Some of FSharp.Stats functionalities require the usage of [LAPACK](https://www.netlib.org/lapack/) routines. After the initial package download you can find these at `C:\Users\USERNAME\.nuget\packages\fsharp.stats\0.5.1-preview.1\netlib_LAPACK`. In the prepared use cases it is not necessary to load it but if you want, the next two lines do the job 

In [6]:
//FSharp.Stats.ServiceLocator.setEnvironmentPathVariable (@"C:\Users\USERNAME\.nuget\packages\fsharp.stats\0.5.1-preview.1\netlib_LAPACK")
//FSharp.Stats.Algebra.LinearAlgebra.Service()

## Types
To represent a coffee log, we need two custom types.

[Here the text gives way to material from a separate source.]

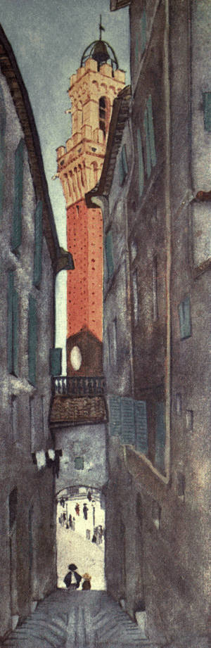 But I am persuaded that if you go there you will find a great content among the little cities of great memories which stand knee-deep in flowers upon the hills of Italy, or in those nobler towns,—Siena, who belongs to the Madonna, and Perugia, whose name is as a torch to light your feet into the Valleys of Romance. In their streets you are seldom shut away from the mountains and the sky; and little gracious weeds and grasses have spread a web among their stones as though an elfin world sought to entrap a monster and pull him down to ruin.

Products within the CSBar system can either be categorized as `Coffee`, `Beer`, `Beverage`, or `Other`. The following `Category` type models this and additionally provides the static member `FromString` that converts an input string to the according type.

In [2]:
type Category =
    | Beer
    | Beverage
    | Coffee
    | Other
    with 
        /// takes a string that describes the category and returns the corresponding category type
        static member FromString (s: string) =
            match s with
            | "Beer" -> Beer
            | "Beverage" -> Beverage
            | "Coffee" -> Coffee
            | _ -> Other

Now we are able to construct an `Order` record type that represents a single line of the coffeeData.txt. We could of course model the departments and producs as types as well, but for now, this type level is sufficient.

In [18]:
type Order = {
    DateTime    : System.DateTime
    Name        : string
    Gender      : char
    Product     : string
    Price       : float
    Department  : string
    Category    : Category
    Amount      : int
    } with
        /// takes data row entities as input and creates a Order record type
        static member Create time (name: string) gender product price department category amount = {
            DateTime  = time
            Name      = name
            Gender    = gender
            Product   = product
            Price     = price
            Department= department
            Category  = category
            Amount    = amount
            }

## Data import
FSharp.Data is used to import the coffeedata.txt. While iterating over the individual rows, instances of the `Order` type are created.

_Note: You could also use Deedle or just System.IO.File.readAllLines to import the data_

In [10]:
// Order [] all of the analysis will be based on
let data = 
    let tmp =
        FSharp.Data.CsvFile
            //.Load(@"..\data\coffeedata.txt")
            .Load(@"C:\Users\bvenn\source\repos\brewing-discoveries-workshop\data\coffeedata.txt")
            .Cache()

    tmp.Rows
    |> Seq.map (fun row -> 
        Order.Create
            (System.DateTime.ParseExact((row.GetColumn "DateTime"),"dd/MM/yyyy HH:mm:ss",null))
            (row.GetColumn "Name")
            (row.GetColumn "Gender" |> char)
            (row.GetColumn "Product")
            (row.GetColumn "Price" |> float) 
            (row.GetColumn "Department")
            ((row.GetColumn "Category") |> Category.FromString)
            (row.GetColumn "Amount" |> int)
        )
    |> Array.ofSeq


For visualization purposes it is handy to be able to color the users based on their department. The following function assigns a HEX color code to each department

In [12]:
/// gets a department from an Order type and returns a unique color in hex format
let getDepartmentColor (department: string) = 
    match department with 
    | "Breakroom Bandits" -> "#2b3ae9"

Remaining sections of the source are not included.